As government officials and the media have done around the world, Russian leaders and major media outlets have long promoted the view that children tend to not get COVID-19 and, should they be infected, not become severely ill. This is untrue. Pediatricians in Tomsk recently reported that 40 percent of their COVID-19 patients have had to consult a cardiologist, 19 percent an allergy-immune specialist, and 10 percent a rheumatologist after infection. In Altai, the head physician at a children’s polyclinic, noted that doctors are having to treat infants who have recovered from COVID-19 for urinary tract complications that are long-term.

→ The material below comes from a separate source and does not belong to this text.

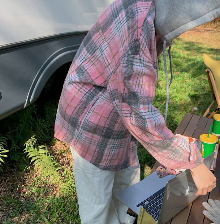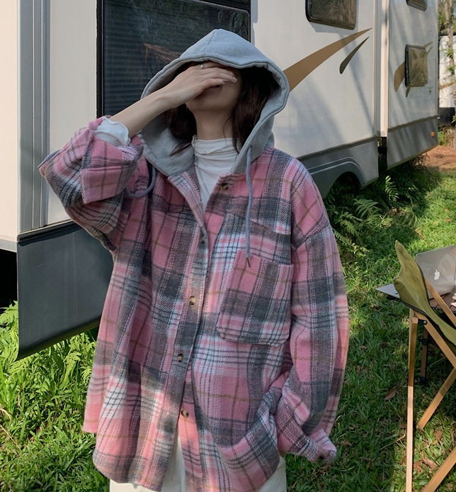 Женская рубашка в клетку с капюшоном

Child deaths from coronavirus, data about which the government does not release, will rise in the coming weeks and months, mirroring what is happening in countries like the United States and the UK.
There have been just two COVID-19-related deaths among the under-18 population reported recently in the country, including a two-month-old baby in Tula and a 12-year old in Novosibirsk, although in the latter case the local Ministry of Health insisted that the real cause was an underlying genetic disease.
Daily coronavirus deaths in Russia, which have between 750 and 800 since mid-July, show no signs of abating, despite a small drop in the number of cases. It is also widely known that these numbers are a gross underestimate, as officials routinely attribute COVID-19 deaths to other causes, should a patient have any other co-morbidity. Estimates indicate that the real death toll may be up to five times higher than the officially acknowledged 187,000 deaths. The mortality rate from COVID-19 has been climbing upward throughout this year, and July has been the deadliest month in the pandemic for Russia so far with over 50,000 deaths from the coronavirus.